L’art automobile a-t-il atteint son apogée ? Ou le manque d’audace dans le design est-il une stratégie ? La question peut se poser en parcourant le salon de Francfort, où l’on peine parfois à distinguer les nouveaux modèles des anciens.
Loin d’être un signe de paresse, la tendance à adapter légèrement le style à chaque nouvelle génération de voitures permet aux marques de soigner leur image, fidéliser leur clientèle et préserver leur rentabilité, assurent professionnels et experts.
Ce sont les constructeurs allemands qui ont été les pionniers de ce principe d’évolution en douceur. « Chez Audi et Volkswagen, même les amateurs de voitures en arrivent à être perdus pour identifier les différentes générations », s’amuse un professionnel du secteur préférant garder l’anonymat.
Ce phénomène se retrouve au sein des segments et des marques du groupe VW : le nouveau gros 4×4 Porsche Cayenne, présenté cette année à Francfort, ressemble comme deux gouttes d’eau à l’ancien.
La marque de Stuttgart, il est vrai, a lancé la tendance avec son coupé 911 qui garde le même profil depuis… 1963.
« La notion d’image est extrêmement importante (…) le produit en soi devient une marque, et c’est très juteux pour une entreprise automobile », indique à l’AFP Alexandre Malval, chef du design de Citroën.
Quelle stratégie du design
Pour lui, en design, « les Latins aiment bien, c’est dans leur culture, essayer de repartir d’une feuille blanche, parfois de manière excessive ». En revanche, « l’approche germanique est beaucoup plus conservatrice ».
BMW, après une révolution stylistique controversée lancée par le designer Chris Bangle sur ses grosses berlines série 7 de 2001 et série 5 de 2004 toutes en angles torturés, est rentré dans le rang.
Et sur les stands du salon de l’automobile, qui ouvre ses portes au public samedi après les médias et les professionnels, le phénomène semble faire tache d’huile à tous les niveaux de prix : Bentley Continental GT, Honda CR-V et Dacia Duster flambants neufs gardent un furieux air de famille avec leurs prédécesseurs.

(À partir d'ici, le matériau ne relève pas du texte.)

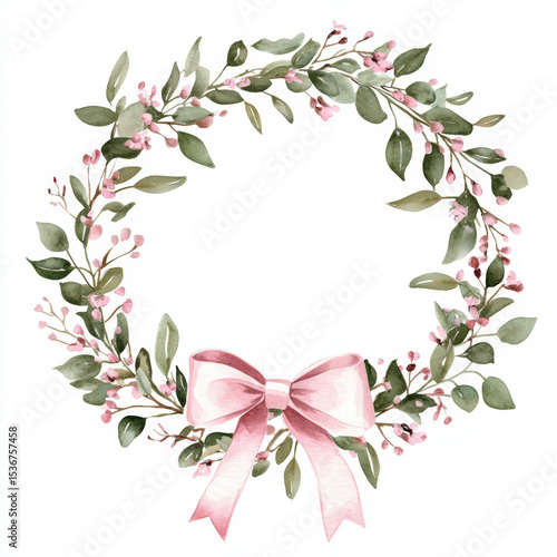 Watercolor Floral Wreath With Pink Bow. Watercolor wreath featuring green leaves, pink berries, and a lovely pink bow. Perfect for a shirt design.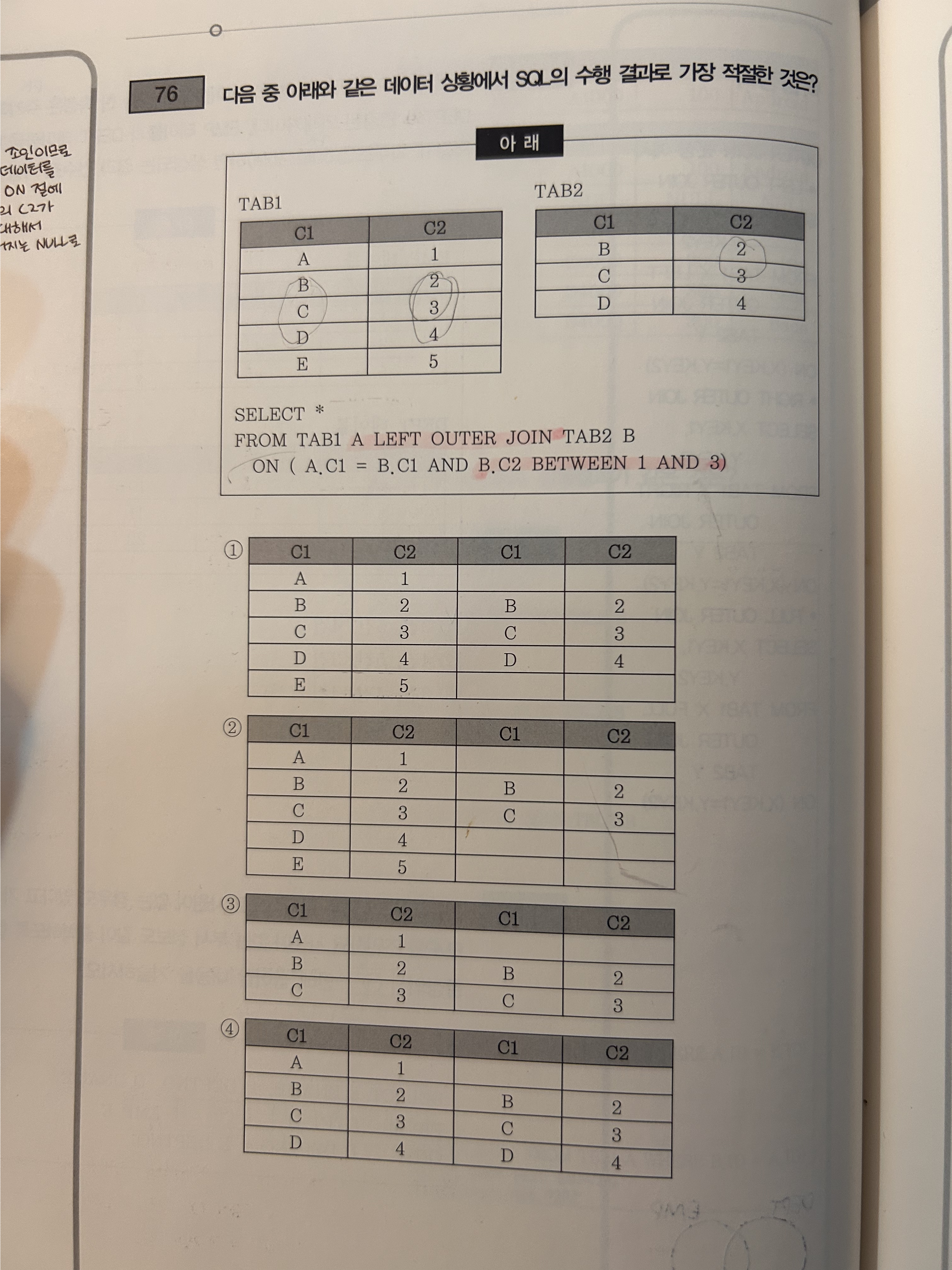 LEFT OUTER JOIN 이므로 TAB1은 전부 출력됨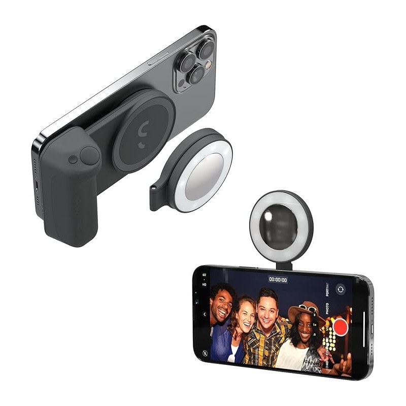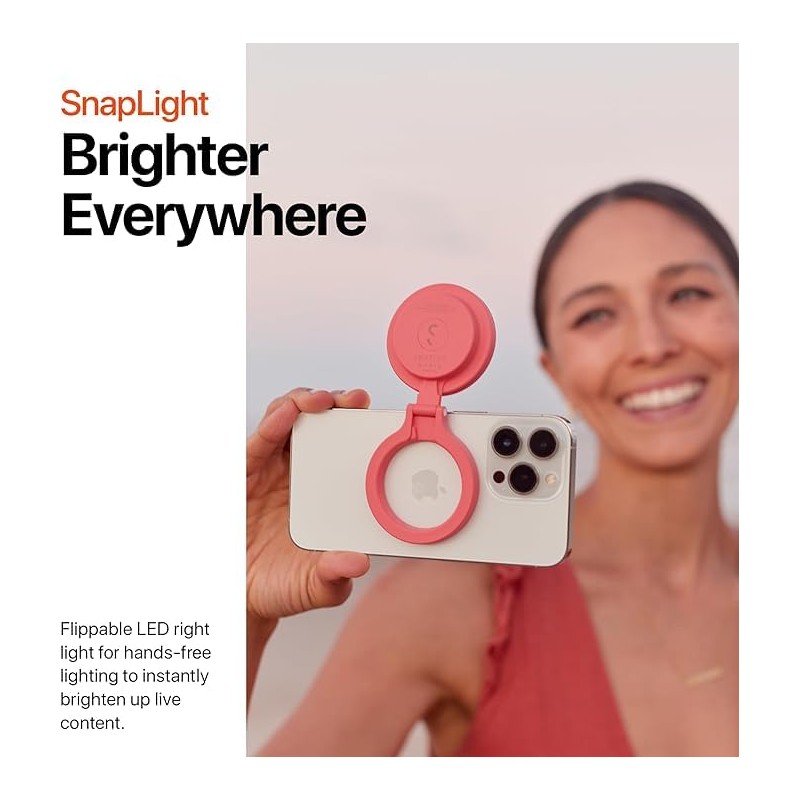 ShiftCam SnapLight - the ultimate hands-free LED selfie ring light for anyone who loves taking pictures, videos or live streaming on their phone. With its flippable design and four adjustable brightness settings, the SnapLight is the perfect accessory for illuminating your subjects in any environment. The SnapLight features a built-in battery that lasts up to 2 hours, so you can snap as many photos as you want without worrying about running out of power. Additionally, the center of the LED ring light includes a convenient mirror for any last-minute checks before you go live. The SnapLight's magnetic mount is designed to snap onto any phone and is compatible with both iPhone and Android devices. It also works with SnapGrip accessories and is MagSafe compatible, making it easy to attach and detach whenever you need to. But the SnapLight doesn't just work on its own - it's part of the larger SnapGrip ecosystem. You can use it together with SnapGrip and SnapPod accessories in any combination, allowing you to create the perfect setup for your unique needs. Whether you're a social media influencer, a professional photographer or just someone who loves taking selfies, the ShiftCam SnapLight is the perfect accessory to help you look your best in any lighting conditions.

« La voiture est connue et reconnue sur les marchés et très appréciée, on n’a pas voulu du tout repartir d’une page blanche, mais plutôt capitaliser sur le côté robuste, sympathique » du Duster, qui s’est vendu à deux millions d’exemplaires sous les marques Renault et Dacia depuis 2010, indique à l’AFP le chef du design de cette dernière marque, David Durand.
« Pourtant, on a tout redessiné, il n’y a pas une pièce commune », promet-il.
« Une marque va être capable de vous dire, ‘elle ressemble à l’ancienne mais on a changé 90% des composants' », remarque Marc Mechaï, responsable du secteur automobile chez Accenture.
Limiter les risques
Flavien Neuvy, directeur de l’Observatoire Cetelem de l’automobile, identifie une « volonté de limiter les risques » de la part des constructeurs qui jouent gros sur chaque nouvelle voiture, surtout en cœur de gamme où les volumes se comptent en centaines de milliers d’unités.
« Il peut y avoir soit une frilosité marketing, soit une volonté délibérée de préserver un succès, ou peut-être des contraintes techniques qui nous empêchent finalement d’aller aussi loin qu’on le souhaiterait », complète M. Malval.
Ces évolutions parfois timides répondent aussi à un impératif économique dans un secteur où de plus en plus de voitures passent par des canaux de location longue durée.
« On sait que le design est quand même un des principaux critères d’achat avec le prix et la fiabilité », rappelle M. Neuvy. « Quand on retouche la silhouette, les modèles de la série précédente prennent un coup de vieux qui se retrouve dans la valeur du parc existant ».
Or, cette « valeur résiduelle » constitue un élément déterminant dans le calcul des mensualités de location. Si elle résiste mieux, les loyers calculés en début de leasing seront plus bas.
Du coup, « le véhicule, y compris sur les nouvelles générations, devient plus attractif parce qu’on sait que la valeur résiduelle va mieux tenir », souligne M. Mechaï.